*** WORKING DATA Section Begins ***
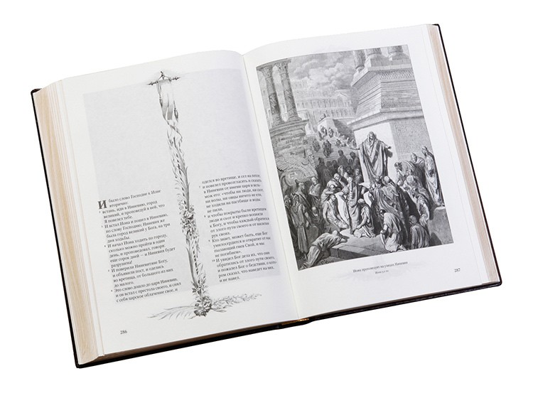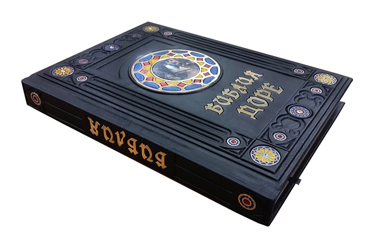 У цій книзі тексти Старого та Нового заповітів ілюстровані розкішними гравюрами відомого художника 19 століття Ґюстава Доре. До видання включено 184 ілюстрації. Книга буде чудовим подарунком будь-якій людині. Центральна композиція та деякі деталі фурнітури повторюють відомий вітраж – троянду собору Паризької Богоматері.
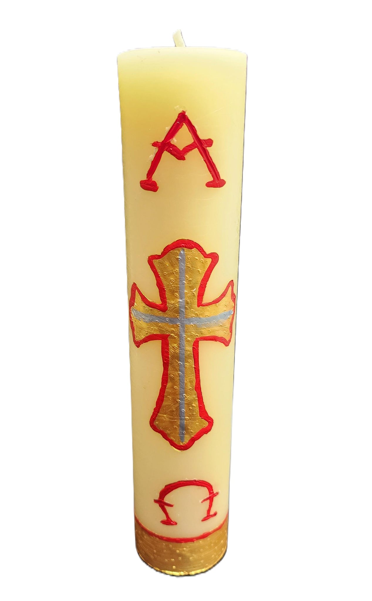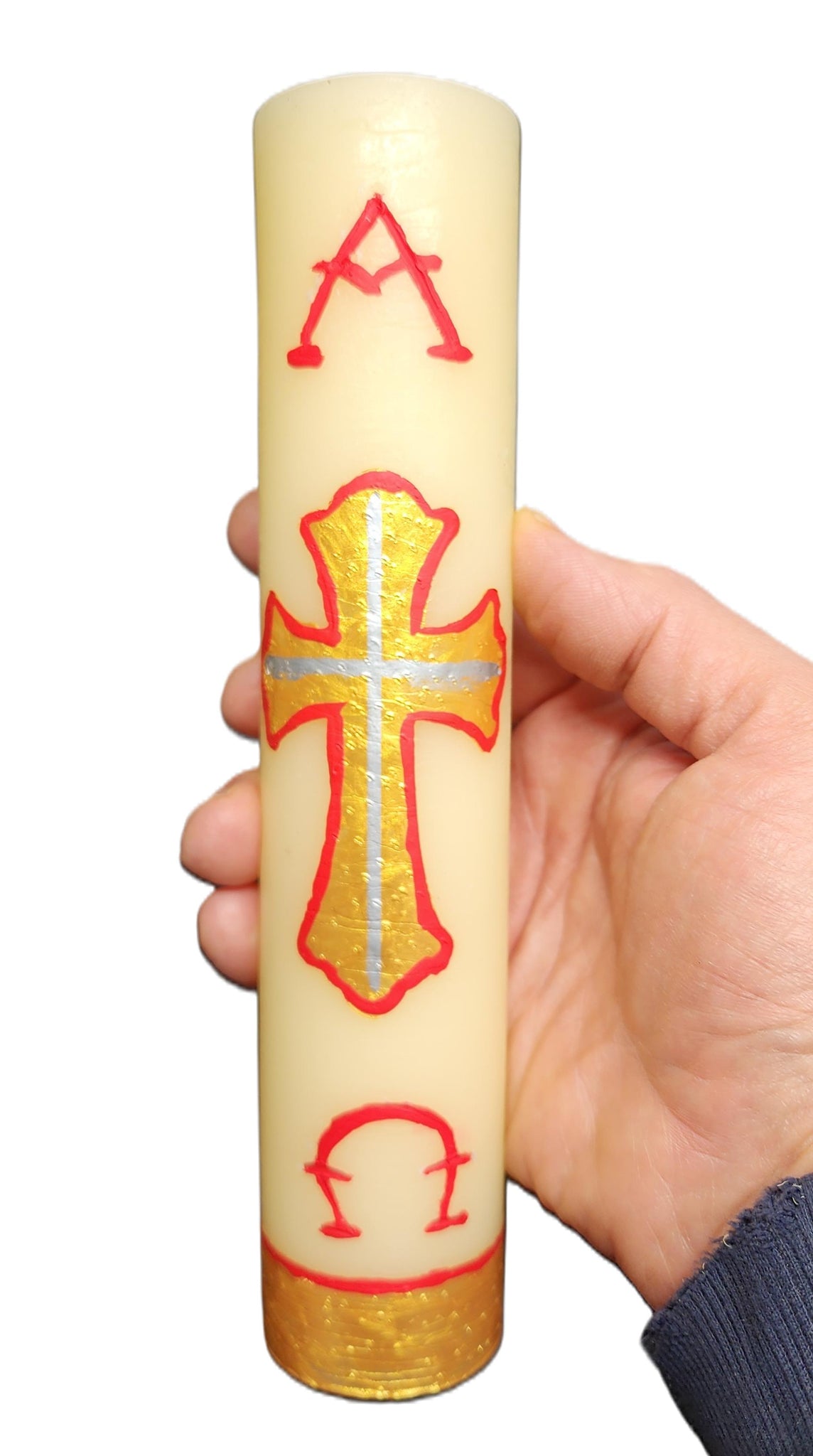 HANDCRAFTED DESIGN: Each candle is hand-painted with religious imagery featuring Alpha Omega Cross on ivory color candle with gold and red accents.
*** WORKING DATA Section Ends ***
*** WORKING DATA Section Begins ***
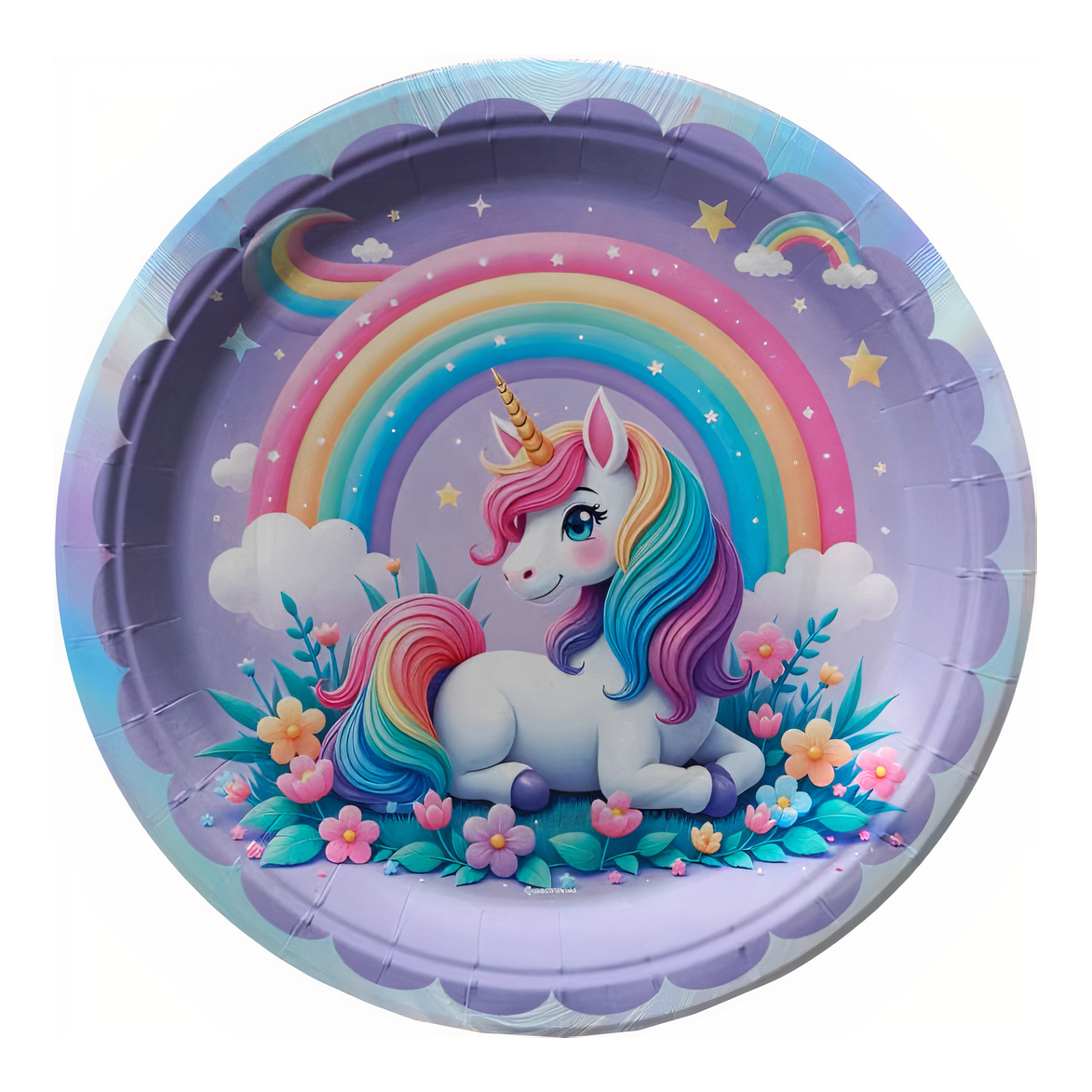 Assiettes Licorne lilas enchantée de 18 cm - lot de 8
*** WORKING DATA Section Ends ***
• [EXERCISE OBJECTIVE]: Drop the pictures; return the lines above from the line containing "У цій книзі" to the line containing "HANDCRAFTED DESIGN: Each", both included, exactly.

• [REPLY]:
 У цій книзі тексти Старого та Нового заповітів ілюстровані розкішними гравюрами відомого художника 19 століття Ґюстава Доре. До видання включено 184 ілюстрації. Книга буде чудовим подарунком будь-якій людині. Центральна композиція та деякі деталі фурнітури повторюють відомий вітраж – троянду собору Паризької Богоматері.
 HANDCRAFTED DESIGN: Each candle is hand-painted with religious imagery featuring Alpha Omega Cross on ivory color candle with gold and red accents.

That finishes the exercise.